Part of my John Muir Award was that I was going to learn tree identification, or get better at it I mean. After a few months of trying and not really getting that far I decided something had to be done.

So I’ve bought this book. Something I never thought I’d be spending money on. Having said that, I have really enjoyed getting to grips with the more common, native trees around my patch and in Holyrood Park. To really get myself into it I’ve made myself a Tree List. It works just the same as my Bird Lists, but they are trees, and I don’t record the date because a tree that I see on the 29th of April is almost certainly going to be there whenever I next look.

I’ve gone out a couple times now, looking specifically at trees.
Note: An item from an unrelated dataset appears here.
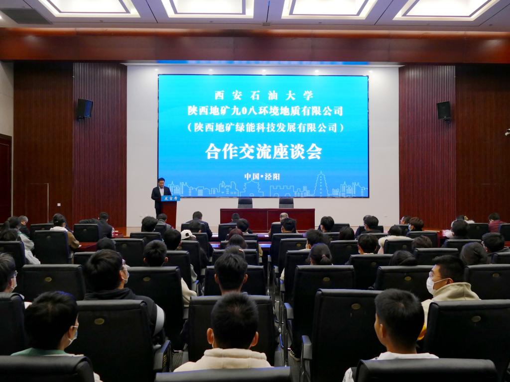 為進(jìn)一步加強(qiáng)學(xué)校實(shí)習(xí)實(shí)訓(xùn)基地建設(shè)和校企合作,拓寬大學(xué)生就業(yè)渠道,3月18日下午,副校長(zhǎng)陳軍斌帶隊(duì)前往秦創(chuàng)原·涇陽(yáng)創(chuàng)新實(shí)踐服務(wù)中心,與陜西地礦九〇八環(huán)境地質(zhì)有限公司(陜西地礦綠能科技發(fā)展有限公司)開展合作交流座談,簽署“實(shí)踐教學(xué)基地”合作協(xié)議并舉行掛牌儀式。實(shí)驗(yàn)室管理處、新能源學(xué)院相關(guān)負(fù)責(zé)人和教師代表及70余名參加認(rèn)識(shí)實(shí)習(xí)的學(xué)生共同參加活動(dòng)。涇陽(yáng)縣委常委、組織部部長(zhǎng)孫彥彬,陜西地礦集團(tuán)有限公司總工程師馬思錦、地質(zhì)科技部主任張文峰,九〇八公司黨委書記、執(zhí)行董事、總經(jīng)理王康,九〇八公司黨委委員、總工程師暢俊斌,九〇八公司黨委委員、副總經(jīng)理沈春強(qiáng)等出席活動(dòng)。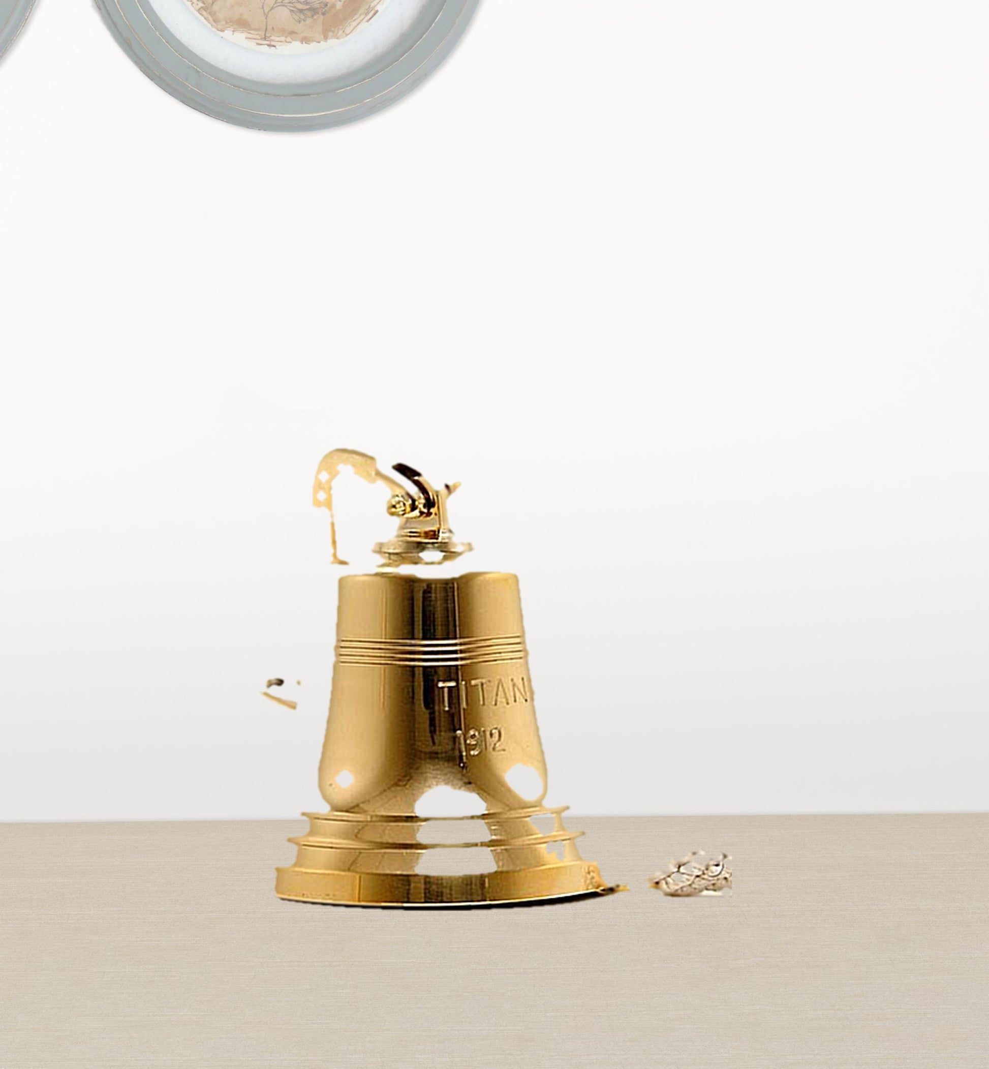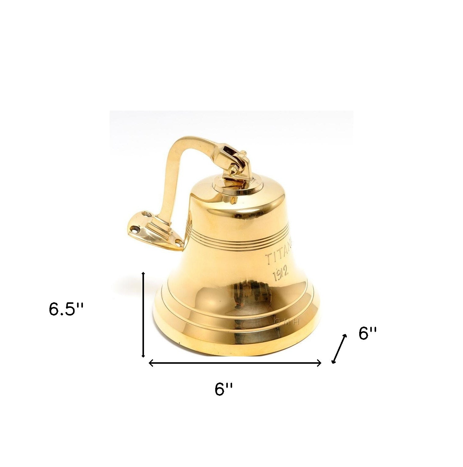 Retro and super cool, the 1912 RMS Titanic Ship Bell Sculpture 6" is a unique handmade replica of the bell that was used on Titanic to signal lunchtime. It comes in a gold color and a mounting bracket so it can be mounted in any home, cafe, or ship. Makes a great gift. 6.5" H x 6" W x 6" D

I’ve taken a lot of pictures and had a few moments where I’ve IDed trees without the help if the book, and that’s felt good. 

All this interest in trees found me asking dad if we can go and see the tallest conifer in Europe when we’re on holiday in Findhorn, as it’s not far away; just along the road west of Inverness. So I’m looking forward to that.

Before I show you my tree list I should explain, trees only go on my list if I can pretty reliably identify them when they are in front of me.

My tree list:

Scot’s Pine, Spinus sylvestris

Common Beech, Fagus sylvatica

Common Hawthorn, Crataegus monogyna

Sycamore, Acer pseudoplatanus

Common Yew, Taxus baccata

Common Ash, Fraxinus excelsior

Elder, Sambucus nigra

Common Alder, Alnus glutinosa

Silver Birch, Betula pendula

Monkey Puzzle, Araucaria araucana

Wych Elm, Ulmus glabra

Horse Chestnut, Aesculus hippocastanum

Blackthorn, Prinus spinosa

Cherry Laurel, Prunus laurocerasus

That’s it so far. Just 14 species but that’s more than I could ID before purchasing that heavy book. I’m close to being able to ID and find some sort of Lime tree but I can’t work out what species in particular. I’ll try to update this list as much as I update my Year List, which isn’t that often but I’ll try my best to remember.

  Monkey Puzzle in someone’s garden behind an unidentified conifer.

Edit: the one in front is Western Hemlock


Common Ash


 Common Hawthorn


 Common Beech


 Horse Chestnut



 Cherry Laurel


 I’m lucky to have some of the oldest trees in Edinburgh on my patch.  Pretty much all of them are native, and a few are well naturalised such as Sycamore and Horse Chestnut.